Monolithic kernels (the ``big mess'' according to Tanenbaum) led to interest in more structured operating systems, such as layering and better structuring. Look at Unix history and slide.

From there work began on taking functionality out of the kernels and making them much smaller-- ``micro'' versions.

Microkernels

Look at organization in Figure 4.9 (Stallings). Layered operating system example is Xinu-- ``a small, elegant operating system''.

Philosophy of microkernel is to have the bare essentials in the kernel.

Benefits of microkernels:

• uniform interfaces--same for kernel and user-level services
• extensibility--can add new services
• flexibility--can subtract/modify services
• portability--easier to port operating system because os-specific part is smaller
• reliability--smaller kernel makes its implementation likely to be more reliable. Also more well-defined APIs.
• distributed system support--pieces can be on another machine.
• object-oriented operating system--architecture works in OO context.

Performance of such microkernels (Mach and Chorus) has been the concern. Approaches to improve performance (co-location of services in the kernel) go against microkernel idea.

Mach Operating System

One such system is Mach, which was developed at CMU. Mach was used as the basis for work on OSF/1, which was adopted by some companies such as Digital. The version of OSF/1 running on Digital Alpha machines is currently known as Digital Unix.

Look at ``Microkernel Operating System Architecture and Mach'' paper (1992).

Windows NT Operating System and Beyond

Single-user, multitasking operating system designed to run on a variety of PCs and workstations.

Uses a modified microkernel architecture (Figure 2.13)--some system services are in the kernel for performance reasons.

Hardware Abstraction Layer (HAL) contains hardware-specific code.

Windows NT works with objects.

Paging is done in the kernel as well as all I/O.

Provides kernel level threads.

Uses local procedure call (optimized message-passing mechanism) for communication.

The server processes at the user level basically provide different interfaces. Most common is Win32 subsystem--in fact other user-level services must go through Win32 subsystem.

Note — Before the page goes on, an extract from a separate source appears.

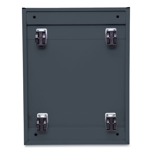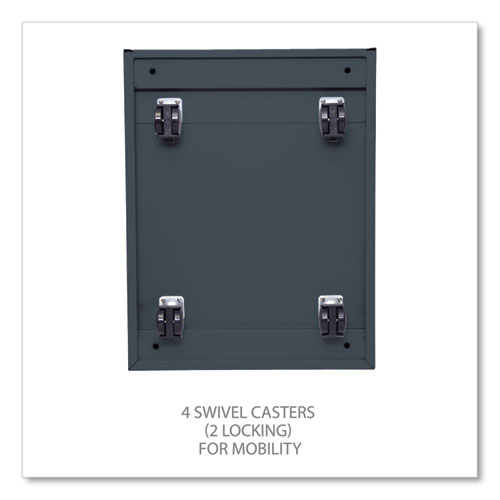 Product Details** Global Product Type Vertical Desk Pedestals Number of Drawers 2 Drawer Configuration File Anti-Tip Mechanism Indicator Yes Color Family Gray Pedestal Sub-Type Indicator Yes Caster Indicator Yes Anti-Tip Mechanism Counterweight Color(s) Charcoal Pedestal Count 1 Pedestal Orientation Left/Right Pedestal Types Freestanding: Full-Height Overall Width 14.96″ Overall Depth 19.29″ Overall Height 27.75″ Height Without Casters 26.38″ Base Material Steel Top Material Steel Caster Details Two Locking Swivel Casters,Two Non-Locking Swivel Casters Glide/Feet Indicator No Document Size Accommodation Legal,Letter Drawer Height-File Drawer 12″ Product Biodegradability in Days 0 Compliance Standards Meets or Exceeds ANSI/BIFMA Standards Pre-Consumer Recycled Content Percent 0% Post-Consumer Recycled Content Percent 0% Total Recycled Content Percent 0% Special Features File/File Format-Two 12″ high file drawers. Country Of Origin TW Carton Weight 73 lbs. Carton Pack Quantity 1 EA Pack Quantity 0 UPC 042167600266 UNSPSC 56101708 Shipping Weight & Item Dimensions Weight 72.31 lbs. Length 29.33 in Height 18.5 in Width 22.83 in Warranty Manufacturer’s limited five-year warranty.
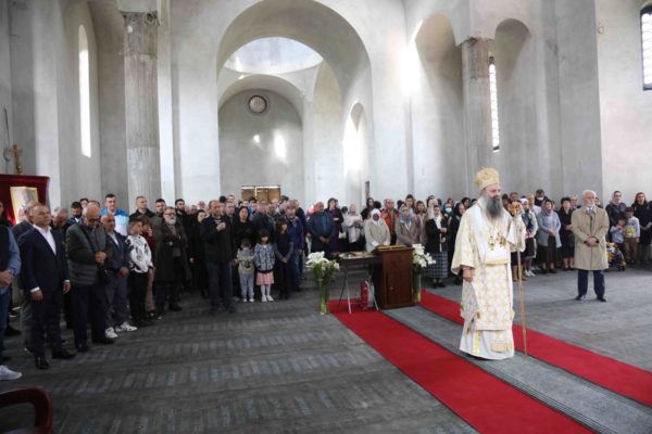 – Шта је друго историја људскога рода кроз све своје аспекте деловања, и кроз науку, и кроз уметност, филозофију, кроз све оно што човек мисли, што говори, што јесте, него покушај да човек покида окове смрти, да победи смрт, да заправо дотакне живот вечни. Без обзира на све људске домете, свако ко се родио и дошао на овај свет, он је из овога света отишао. Ми, православни Срби, знамо добро да је вера у Бога, православна вера, у прошлости обликовала и градила наш народ, отварала путеве и давала смисао постојању свакога човека, смисао и онда када није било једноставно и није било лако. Вера православна је заправо темељ, извор нашега идентитета, без ње, готово сам сигуран, да наш народ у најмању руку у овом облику, у овој форми – не би данас постојао и не би оставио све оне лепоте стваралаштва свога које су многе од њих украсиле и светску културу и постале део светске баштине, беседио је патријарх Порфирије.

Second Generation Microkernels

Look at ``The Performance of Micro-Kernel-Based Systems'' paper. Slides:
http://www.cs.wpi.edu/~cs535/s03/hartig:sosp97/

Exokernel Operating Systems

Look at ``Application Performance and Flexibility on Exokernel Systems'' paper. Slides:
http://www.cs.wpi.edu/~cs535/s03/kaashoek:sosp97/

Operating Systems Support for Server Applications

Look at ``Better Operating System Features for Faster Network Servers'' paper. Slides:
http://www.cs.wpi.edu/~cs535/s03/banga:wisp98/

Language-Based Operating Systems

Look at ``Techniques for the Design of Java Operating Systems'' paper. Slides:
http://www.cs.wpi.edu/~cs535/s03/back:usenix00/

Support for Secure Applications

Look at ``Sub-Operating Systems: A New Approach to Application Security'' paper. Slides:
http://www.cs.wpi.edu/~cs535/s03/ioannidis:ew02/

Support for Internet Services

Look at ``Ninja: A Framework for Network Services'' paper. Slides:
http://www.cs.wpi.edu/~cs535/s03/behren:usenix02/

Object-Oriented Systems

Look at Choices and Clouds papers

Alternate Approaches

Examine Amoeba and Sprite comparison paper.

Summary

Many types of structures. The microkernel approach, although with flaws has moved forward in the marketplace with Windows NT and Digital Unix.

Researchers are still looking to find operating system structures that support new types of applications and needs of networking.